After profuse thanks, we eat and thank the gods that the engines did not choose to fail further out, forcing us to anchor in both water too deep and solid fog. Perhaps the universe is not so indifferent to us after all?
It was also immensely lucky that the night was so benign because, as I am writing this, Impulse is riding up against the French boat, chomping at her bowline, fenders squeeling as she is squeezed up by twenty five knots of wind and a nasty chop.
Washing, drying....
...and fixing in Camarinas
We are committed to stay in Camarinas a tad longer as the winds are far too great out there and we have had our fair share recently. It is a sweet port, busy with fishing trade and apparently famous for its lacemaking (although we have seen none of this yet). In fact we have not done any adventuring here as we have spent our time straightening the boat out: drying, washing, fixing. Oh and eating and drinking like there is no tomorrow, as they say in Spain “que bueno, no?!”
The Ria Camarinas before the day gets going
Thursday, 3 September 2009
OMG wish u were here!!

So, weather: poor.
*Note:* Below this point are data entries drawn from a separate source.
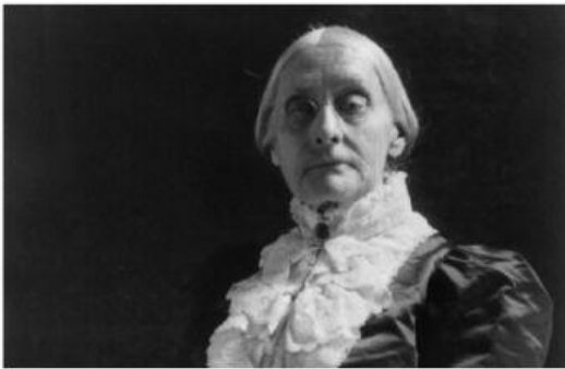
Susan B. Anthony

“_____ inspired change in her community by fighting for women’s right to vote.”
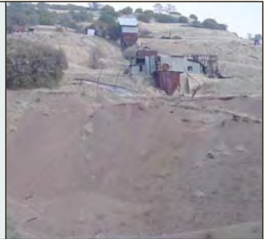
Photo: Abbott-Turkey Run mine site by Hwy. 20 prior to cleanup
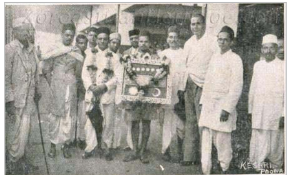
Bhikhaiji Cama's flag being feted at the Kesari-Maratha Library in Pune, India.

While several authors claim that the flag Bhikhaiji unfurled at Stuttgart was based on an earlier design made by others, they provide nothing tangible to substantiate their claims and we have yet to see anything that demonstrates that Bhikhaiji's Stuttgart flag was made by anyone other than herself. 8
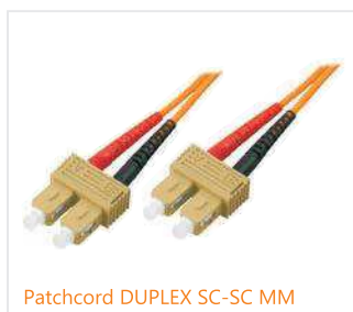
Patchcord DUPLEX SC-SC MM
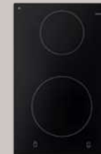
2 x induction rings £1,300

Can only be fitted next to Classic or Traditional hob options
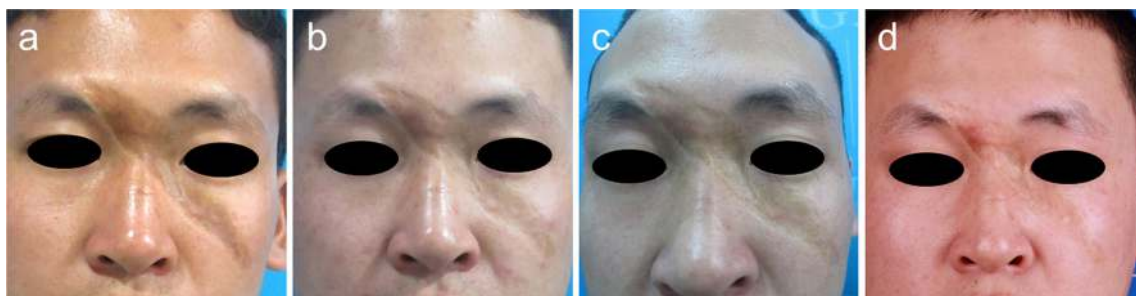
Fig. 2 Micro-plasma radiofrequency treatment (80 W, 3 passes, roller tip) of facial post-burn hyperpigmentation. a Before treatment, b 2 months after the first treatment, c 2 months after the second treatment, and d 2 months after the third treatment

was associated with minimal complications when used to treat mesh skin grafted scars in Asian patients.
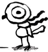
Little bird wants a car, too.
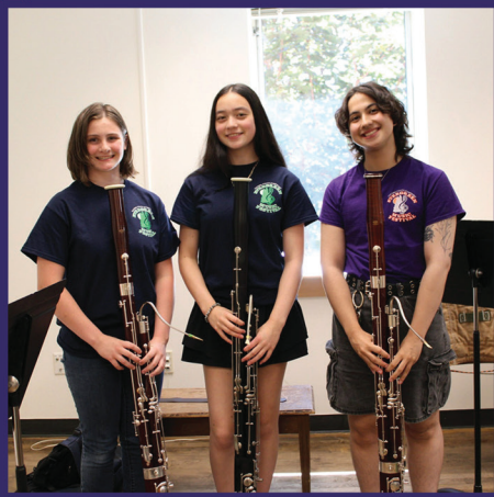
Evergreen Music Festival Session 1 July 13-17, 2026 Pacific Lutheran University
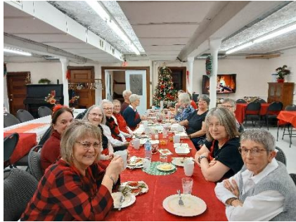
Community Christmas Dinner 2024 Beachburg, ON

This is just a few of the pictures. More can be seen on our Facebook page – National United Church Women.
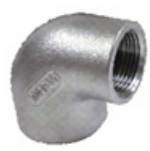
Elbow 90 Non- Banded F/F
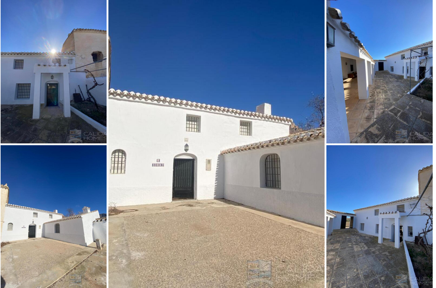
Cortijo Vigas – Vélez Rubio – €180,000, a stunning cortijo full of Character at a great price.

Cortijo Vigas is an impressive semi-detached farmhouse set in a peaceful rural location, offering spectacular open views and a high standard of renovation throughout. The property has been completely refurbished using quality materials and is thoughtfully arranged over two floors, providing spacious and versatile accommodation along with generous outdoor areas, ideal for enjoying the warm climate of the Vélez region.

Equally, humours: poor – not only because of the damned weather but also because we are STILL WAITING FOR THE SAIL. Casper and I have been reduced to relaying information to each other through a series of scornful grunts that, if they were a VHF communication, would be described by the coastguard as “poor, barely readable”. We also have some lurgy the symptoms of which might identify it as a mild case of swine flu – time to bring in the oinkment.
Anyhow – the said sail was due to arrive this morning, having been flown in from South Africa, cleared customs and been titivated to (fingers crossed) perfection in the finishing shop here in Plymouth. Whilst the sun shone (briefly) Casper and I have spent a bracing half an hour taming the beast that is the old sail into a transportable form. Tricky given the size of the thing (50 odd square metres) and the speed of the wind which channel 16 (the coastguards on VHF radio) confirmed was a force 9. Despite the sail being ready, wind has stopped play. Tomorrow we hope it will ease.
Things are certainly not all bad. We are alongside at Mayflower Marina, which, although expensive, boasts a bar that serves tapas and a new washroom block with not only power showers but a bath too. Living on a boat through a soggy English summer elevates facilities once considered mundane to truly sparkling luxuries. There is nothing like, freshly showered, slipping into a freshly laundered berth, sheets still warm from the tumble dryer, and being lulled to sleep by the play of wind and tide.